Her sister Esther Doerr, 22, graduated from Palo Alto High School in 2015 and is a junior at Georgetown University, where tennis coach Gordie Ernst was indicted for allegedly accepting bribes in exchange for athletic recruitment.

Quarter-million clients

The Doerrs are among a quarter-million or more people who have hired Singer over the years, according to Singer.

Singer claimed in an August 2014 Facebook post promoting his self-published book that he had worked with 250,000 clients over the last 26 years.

Among those were Doerr, the late Apple CEO Steve Jobs, former 49er Joe Montana, Sun Microsystems cofounder Bill Joy and former Facebook ad sales head Mike Murphy.

Montana said last week that Singer’s company had provided “nothing more than minimal consulting services to our family, like so many other families, with the college application process.”

“Fortunately our kids were able to pick from a number of schools to attend due to their hard work and their merit,” Montana tweeted on March 14.

Pro golfer Phil Mickelson, whose daughter goes to Brown, tweeted a similar statement the same day.

“Our family, along with thousands of others, used Rick Singer’s company to guide us through the college admission process,” Mickelson wrote. “We are shocked by the revelations of these events.
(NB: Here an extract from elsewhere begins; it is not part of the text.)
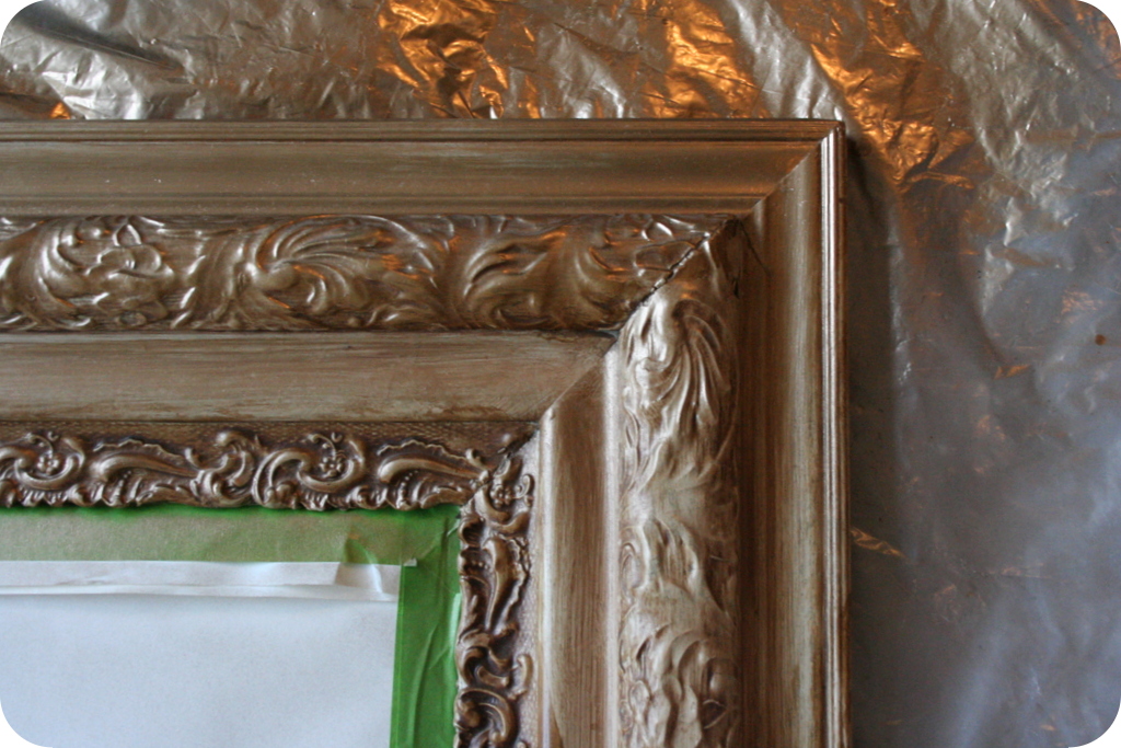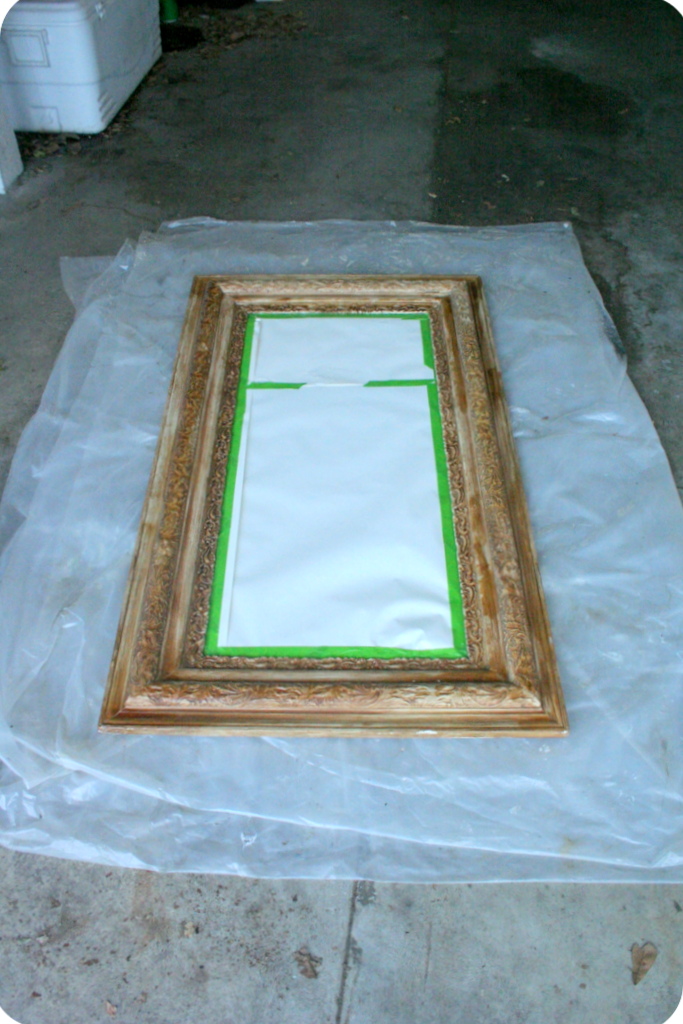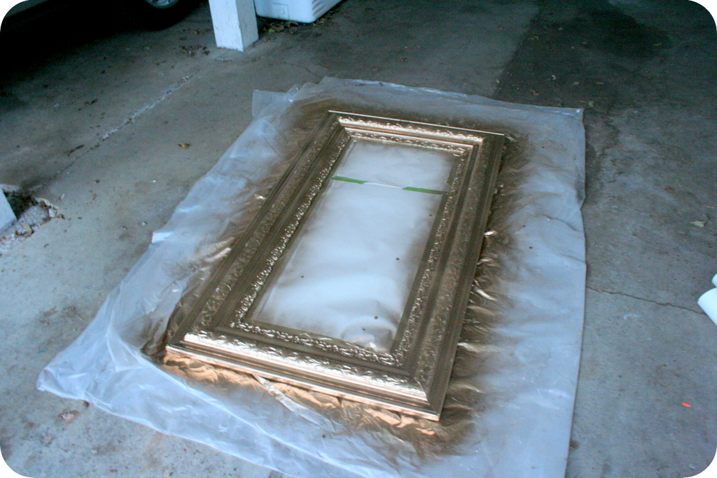 So, I brought the mirror home and stuck it in my storeroom where it sat for about two years until I passed a $5 can of gold spray paint at Lowe’s and inspiration struck. Now for the how to:

Obviously, we were not part of this fraud, our kids would disown us if we ever tried to interfere.”

Jobs’ widow, Palo Alto resident Laurene Powell Jobs, hasn’t responded to the claim that her family hired Singer.

Among those indicted on March 12 were an Atherton hedge fund CEO and his wife, a Hillsborough real estate investor and his wife, a Menlo Park food entrepreneur, a Palo Alto radiation oncologist and his wife, a Menlo Park jeweler whose husband owns Dialink Corp. and the wife of former 49er Lou Palatella, who lives in Hillsborough.
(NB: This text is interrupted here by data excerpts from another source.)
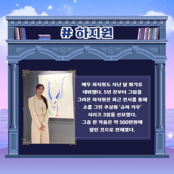배우 하지원도 지난 달 화가로 데뷔했다. 5년 전부터 그림을 그려온 하지원은 최근 전시를 통해 소를 그린 추상화 '슈퍼 카우' 시리즈 3점을 선보였다. 그중 한 작품은 약 500만원에 팔린 것으로 전해졌다.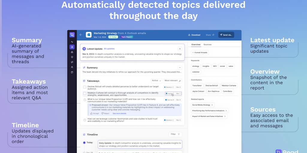 Read introduces gen AI summaries, “Readouts”, for email and messaging on Gmail, Outlook, Teams, and Slack. Read’s intelligent agents work quietly in the background, enabling your meetings, emails, and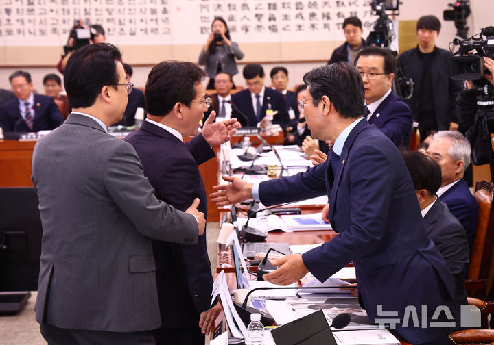 [서울=뉴시스] 김명년 기자 = 김형동 조작기소 특위 국민의힘 간사가 7일 서울 여의도 국회에서 열린 '윤석열 정권 정치검찰 조작기소 의혹사건 진상규명' 국정조사특별위원회 전체회의에서 박선원 더불어민주당 의원과 설전을 벌이고 있다. 2025.04.07. [email protected]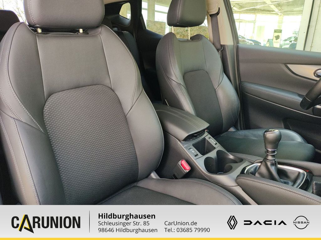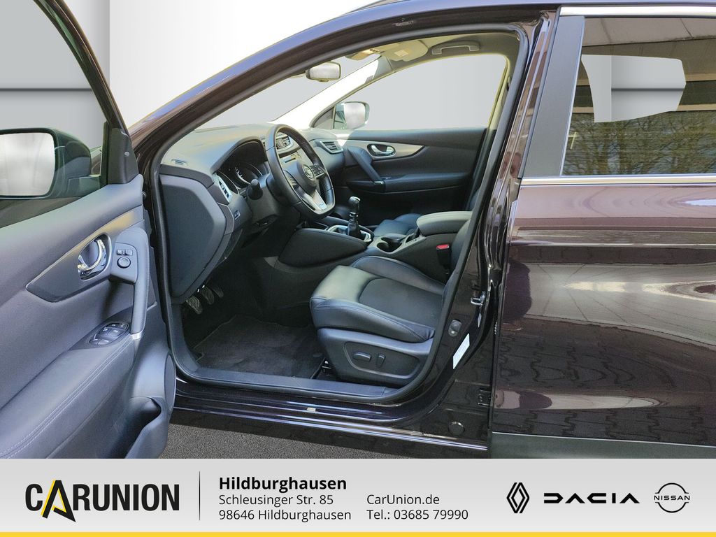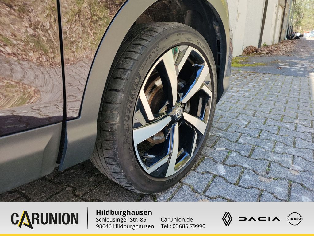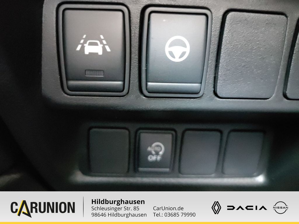 Frontscheibe heizbar, Metallic-Lackierung, 3. Bremsleuchte, 6 Lautsprecher, Airbag Beifahrerseite abschaltbar, Airbag Fahrer-/Beifahrerseite und Seitenairbag vorn, Ambiente-Beleuchtung, Anti-Blockier-System (ABS), Antriebsart: Frontantrieb, Audiobedienung am Lenkrad, Audiosystem: Radio mit CD- und MP3-Player, Touchscreen-Farbdisplay (7.0 Zoll) in Mittelkonsole, Außenspiegel elektr. anklappbar, Außenspiegel elektr. verstell- und heizbar, Außenspiegel Wagenfarbe, Außentemperaturanzeige, Ausstattungs-Paket: Nissan Connect, Kamerasystem Around View, Navigationssystem, Auto-Hold-Funktion, Automatische Fahrlichtschaltung, AUX-IN-Anschluss (AUX-IN), Blinkleuchte in Außenspiegel integriert, Bluetooth-Schnittstelle, Bordcomputer, Bremsassistent (Nissan Brake-Assist), Coming-Home-Lichtfunktion (Friendly Lightning), Dachreling silber, Elektr. Bremskraftverteilung (EBD), Elektron. Stabilitäts-Programm (ESP), Fahrassistenz-Paket, Einparkhilfe hinten, Einparkhilfe vorn, Fahrassistenz-System: Autonomer Notbrems-Assistent, Fahrassistenz-System: Fußgängererkennung, Fahrassistenz-System: Spurhalteassistent, Fahrassistenz-System: Verkehrszeichenerkennung, Innenspiegel mit Abblendautomatik, Fahrassistenz-System: Aktive Fahrkomfortregelung (Fahrwerksdämpfung), Fahrassistenz-System: Aktive Motorbremse, Fahrassistenz-System: Fernlichtassistent, Fahrassistenz-System: Geschwindigkeits-Warnanlage akustisch (Speed-Limiter), Fahrassistenz-System: Kurvenbremskontrolle (Aktive Spurkontrolle), Fahrer-Informations-System (FIS) mit Farbdisplay, Fensterheber elektrisch vorn + hinten, Fernentriegelung Tankklappe, Freisprechanlage Bluetooth, Frontscheibe Verbundglas, Gepäck-/Laderaum-Unterteilung (Flexi-Board), Gepäckraumabdeckung / Rollo, Geschwindigkeits-Regelanlage (Tempomat), Getränkehalter in Mittelkonsole, Getriebe 6-Gang, Gurtstraffer, Handschuhfach beleuchtet, Heckscheibe heizbar, Innenraumfilter: Pollenfilter, Isofix-Aufnahmen für Kindersitz, Karosserie: 5-türig, Klimaautomatik 2-Zonen, Kopf-Airbag-System, Kopfstützen vorn und hinten verstellbar, Lendenwirbelstütze Sitz vorn links, Lenkrad (Leder), Lenkrad mit Multifunktion, Lenksä
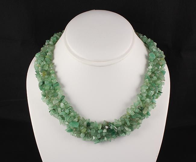 Woven Multi-Strand Natural Chip Beads Necklace **|**|** 576.50CARAT Miss Gorgeous Green Adventurine Chip Multi-Strand Necklace with metal lock ; MSRP: $0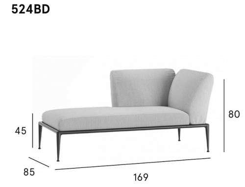 Коллекция New Joint включает в себя: модульный 2/3-местный диван, кресло, журнальные столики и левые или правые лежаки.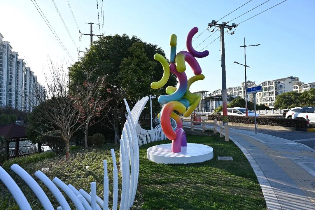 多巴胺色系的半圆形层层叠起,每道弧线都是笑意的绽放,背后的白色弧形围栏如起伏的波浪,映衬得雕塑更具活力……这座名为“笑的N次方”的雕塑点亮了街角。作品以嘴部的“微笑弧线”为元素,用柔润的彩条交织成流动的笑意——紫的舒展、虹的渐变,共同诠释着包容与共创之美。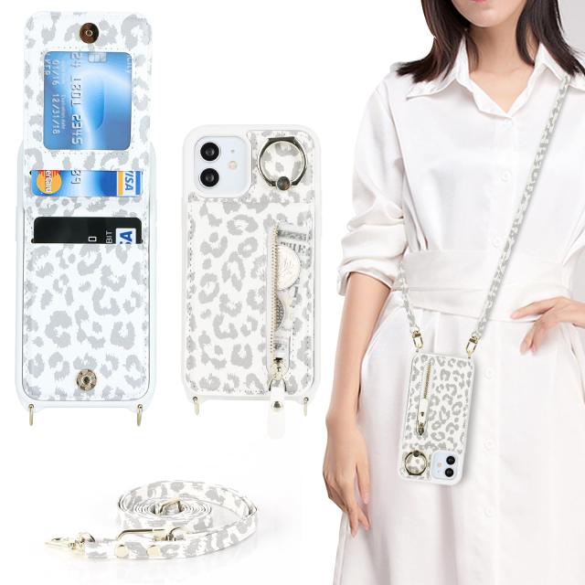 iPhone 12 mini ケース ショルダー リング付きケース ストラップケース 背面フリップ 手帳型 上下開 ショルダー リング ストラップ ポシェット iPhone12mini いphone12mini iPhone12 mini アイホン12mini アイフォン12 mini ケース 12みに アイホン 12miniケース iPhone 12 mini ケース アイフォン12mini ケース アイフォン 12 ミニ カバー アップル アイホン12ミニ 携帯ケース 12ミニ ポシェットケース 適用 case iCoverCase リング カードケース カード収納 スナップ式 横置き スタント 肩がけ 首掛け 斜め掛け ファスナー ストラップ付き ショルダーケース カード入れ カバー スマホケース 携帯カバー 豹柄 ヒョウ柄 ホワイト

Kleiner Perkins mentioned on wiretap

The real estate investor, Bruce Isackson, allegedly told Singer in a wiretapped phone call on Dec. 3 that he was paranoid that the scheme would come out.

“Is this gonna be this — be the front-page story with everyone from Kleiner Perkins do whatever, getting these kids into school?” Isackson asked. “It’s so hard for these kids to get into college, and here’s — look what — look what’s going on behind the schemes, and then, you know, the embarrassment to everyone in the communities.”

Isackson’s name and photo have been removed from the website for the investment company he cofounded in Woodside in 1991, WP Investments.